Exercise requirements: In the listing below, locate the line with "This Omega De" and the line with "Jednostěnný cestovní kelímek", then output both and everything between them exactly, minus any pictures.

Data extracts:
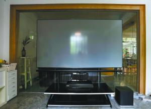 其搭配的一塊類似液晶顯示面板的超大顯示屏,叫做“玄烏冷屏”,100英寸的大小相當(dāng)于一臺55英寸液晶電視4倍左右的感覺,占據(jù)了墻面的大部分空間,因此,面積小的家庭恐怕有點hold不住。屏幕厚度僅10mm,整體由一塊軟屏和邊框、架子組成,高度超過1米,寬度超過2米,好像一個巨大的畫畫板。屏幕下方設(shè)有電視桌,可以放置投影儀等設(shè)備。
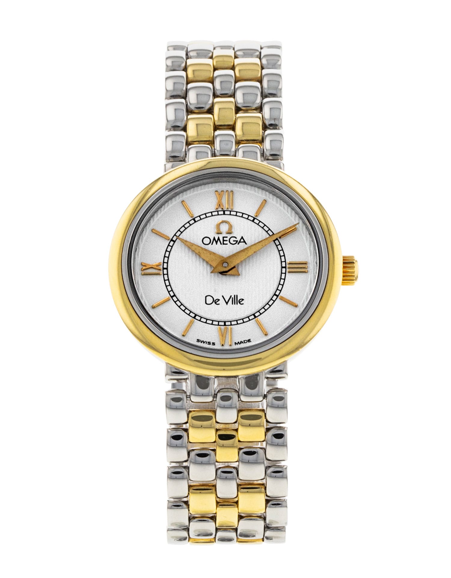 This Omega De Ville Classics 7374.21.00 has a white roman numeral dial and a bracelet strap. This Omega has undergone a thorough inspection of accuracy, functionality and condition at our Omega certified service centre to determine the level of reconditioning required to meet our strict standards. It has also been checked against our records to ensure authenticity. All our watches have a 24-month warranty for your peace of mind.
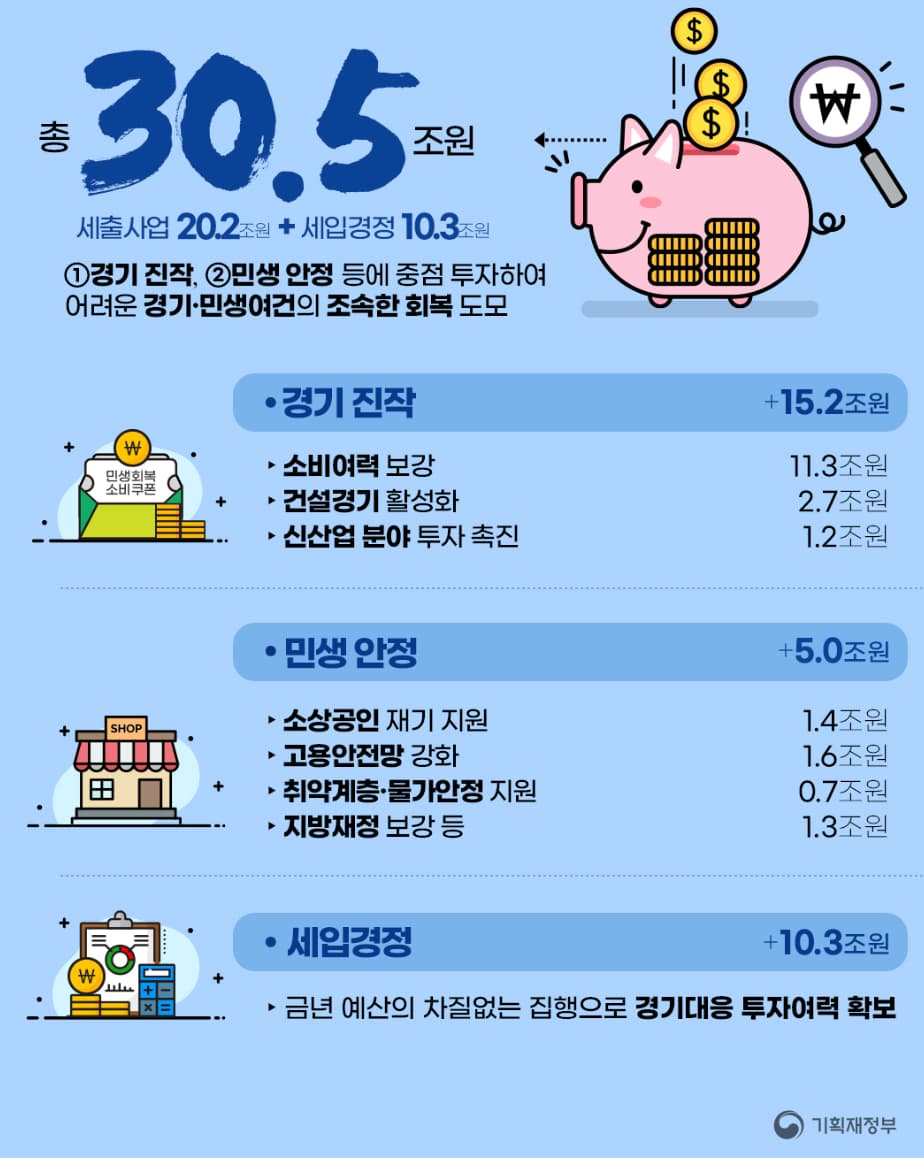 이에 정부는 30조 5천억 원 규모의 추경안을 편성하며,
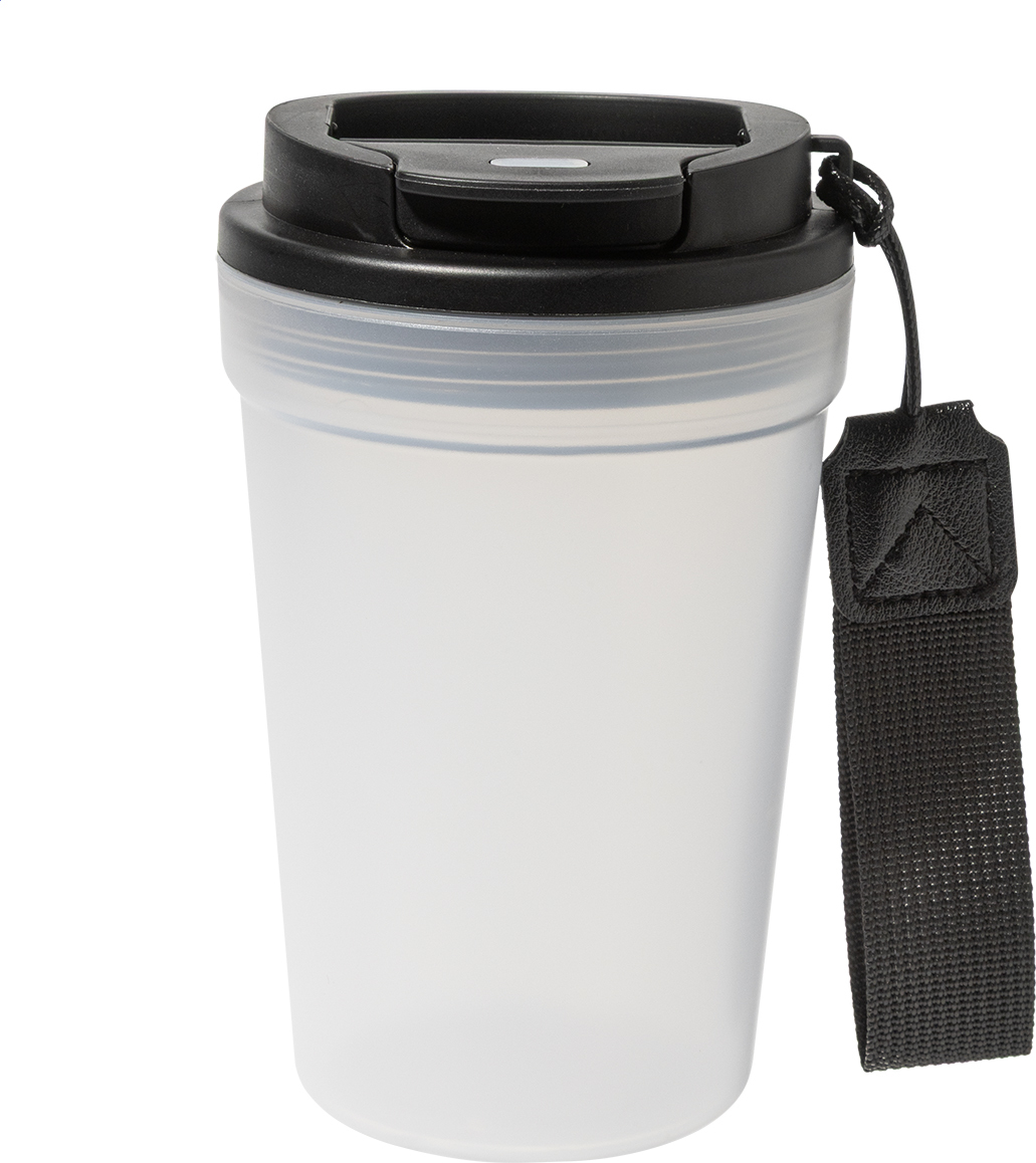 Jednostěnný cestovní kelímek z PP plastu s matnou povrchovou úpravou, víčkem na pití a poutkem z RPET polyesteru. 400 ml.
==
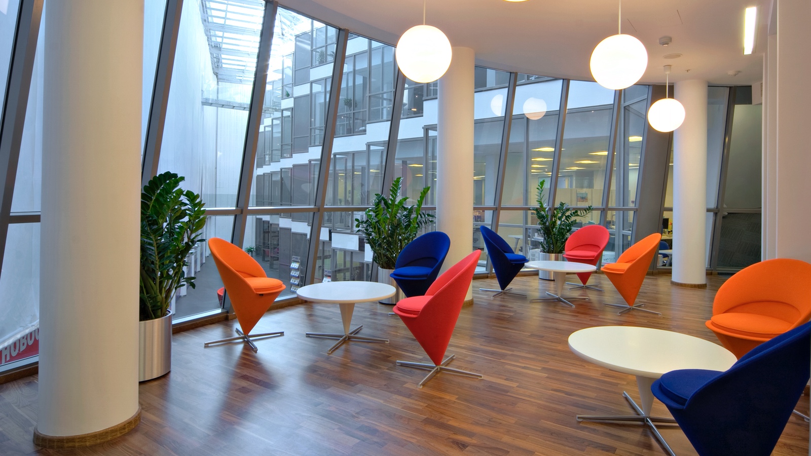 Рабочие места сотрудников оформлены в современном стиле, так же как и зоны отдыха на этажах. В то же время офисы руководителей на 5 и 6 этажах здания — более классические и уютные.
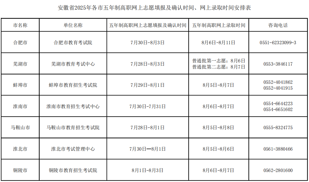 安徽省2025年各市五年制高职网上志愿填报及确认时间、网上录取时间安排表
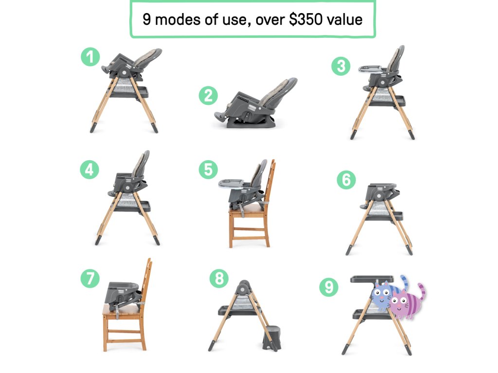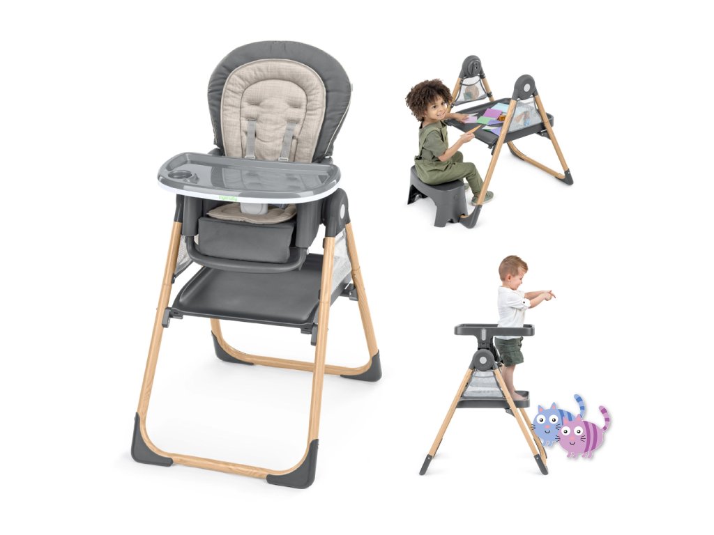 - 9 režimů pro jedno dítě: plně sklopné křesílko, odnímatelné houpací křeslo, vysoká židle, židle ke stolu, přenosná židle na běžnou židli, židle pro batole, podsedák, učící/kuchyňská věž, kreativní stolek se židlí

Your solution:
 This Omega De Ville Classics 7374.21.00 has a white roman numeral dial and a bracelet strap. This Omega has undergone a thorough inspection of accuracy, functionality and condition at our Omega certified service centre to determine the level of reconditioning required to meet our strict standards. It has also been checked against our records to ensure authenticity. All our watches have a 24-month warranty for your peace of mind.
 이에 정부는 30조 5천억 원 규모의 추경안을 편성하며,
 Jednostěnný cestovní kelímek z PP plastu s matnou povrchovou úpravou, víčkem na pití a poutkem z RPET polyesteru. 400 ml.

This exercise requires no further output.